Conseguenze dell’isolamento
Se ne parla tanto, sui social, articoli sui giornali, discussioni tra opinionisti, dichiarazioni e commenti fatti da tutti. Insomma, ognuno, a titolo o non, ha detto la sua. Alcune dichiarazioni sono state catastrofiche, alcune troppo semplicistiche, alcune ovvie e banali.
Siamo sinceri, questa è una situazione poco conosciuta perché gli effetti psicologici dell’isolamento sociale ancora non sono noti perfettamente. Sono iniziati diversi studi in diversi paesi nel mondo e ovviamente sono ancora in atto. Quindi tutto quello che troverete scritto in giro sono solo teorie, supposizioni, molto plausibili, deduzioni, ma nessuna certezza. Conosciamo qualcosa di simile, ma molto limitato, durante la SARS in Cina e Canada, e durante l’ Ebola in alcuni stati africani. Ci sono studi sull’isolamento degli astronauti, privazione sensoriale di persone che hanno vissuto in un lungo periodo in grotte, eremiti lontani da qualsiasi contatto umano, monaci buddisti in prolungato ritiro spirituale e in uno stato di profonda meditazione. La cosa che differenzia tutto ciò, del momento che viviamo, è che nei casi appena elencati c’era la loro volontà, la loro consapevolezza, la loro motivazione per un fine, uno scopo. Inoltre, in genere, alle loro spalle c’era una lunga preparazione fisica e psichica per affrontare quella situazione. Soffermiamoci brevemente su alcuni aspetti dell’isolamento che viviamo e facciamo alcune riflessioni.

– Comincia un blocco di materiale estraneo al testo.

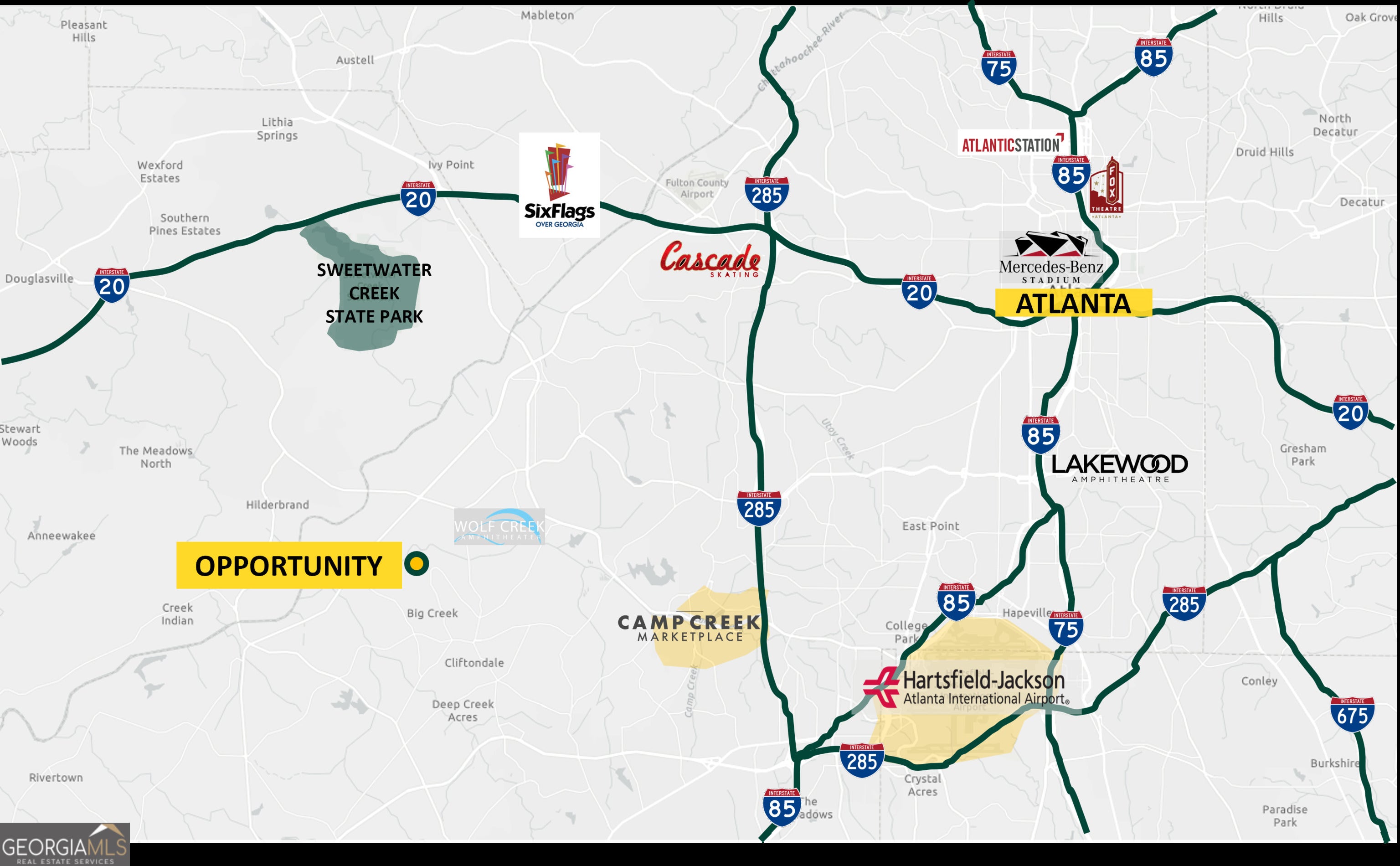 Exceptional opportunity to acquire 7 acres of CUP-zoned land, within the City of South Fulton's Cliftondale Overlay District, positioned for flexible development or future assemblage. This gently rolling, mostly wooded tract features an average slope of only 6, providing highly usable terrain for estate construction, modular homes, or small residential development. Located minutes from Hartsfield-Jackson Atlanta International Airport, Camp Creek Marketplace, and the I-285/I-20 corridors, the property benefits from quick access to Atlanta's major transportation and employment hubs while retaining a quiet, private setting. Utilities include public water and electric service at the road, with sewer located nearby (connection subject to easement and verification). The CUP zoning allows a broad range of uses from single-family or modular homes to multifamily or continuing care communities (up to 9 units/acre). Its strategic location and adjacency to other large tracts create an ideal assemblage opportunity for developers seeking additional scale in South Fulton's growth corridor. Whether envisioned as a private homesite, boutique residential enclave, strategic land hold in South Fulton's growth corridor, or part of a larger master-planned community, this tract offers a balanced blend of location, infrastructure access, and long-term upside in one of metro Atlanta's most dynamic submarkets.

Solitudine, forse è l’aspetto più evidente, uno degli aspetti che colpisce di più, forse perché noi come specie, in questa era particolare, ci alimentiamo di contatti sociali, di relazioni. Siamo abituati ad abbracciarci, stringere la mano, baciarci. La privazione di tutto ciò ha ripercussioni ora e l’avrà anche dopo, sia sulla psiche che sia sul corpo, anche perché mente e corpo sono spesso due faccie della stessa medaglia. Gli studi fatti sulla solitudine, che ha sempre afflitto, in condizioni normali, una fetta della popolazione, hanno riscontrato un aumento dell’irritabilità , un aumento del rischio di ansia cronica e di depressione, inoltre un aumento di malanni sul versante fisico. La solitudine porta maggiore stress, molto probabilmente perché siamo soli ad affrontare qualsiasi problema, siamo più vulnerabili. Lo stress protratto, inoltre, porta ad una deficienza immunitaria, disturbi del sonno oltre che danni cardiovascolari. In questo periodo la solitudine è più focalizzata, siamo più attenti al nostro stato, ai segnali di esclusione sociale, ai like non raggiunti sui social, ai commenti e alle condivisioni, alla frequenza di quando siamo ricercati. Nelle persone che hanno un alta percezione di solitudine spesso confermano il loro stato di solitudine sociale.
Convivenza forzata, in questo periodo siamo isolati da tutto il mondo, da tutti ma spesso incastrati in convivenze forzate con persone con cui condividiamo la nostra casa, in molti casi sono solo pochi metri quadrati. La convivenza forzata, in molti casi senza uscire quasi mai, anche con i propri figli e partner, può essere abbastanza pesante. Il paradosso, non si riesce ad essere da soli! La quotidianità di diverse persone è stravolta e la convivenza con i problemi di ognuno, non è sempre facile da condividere.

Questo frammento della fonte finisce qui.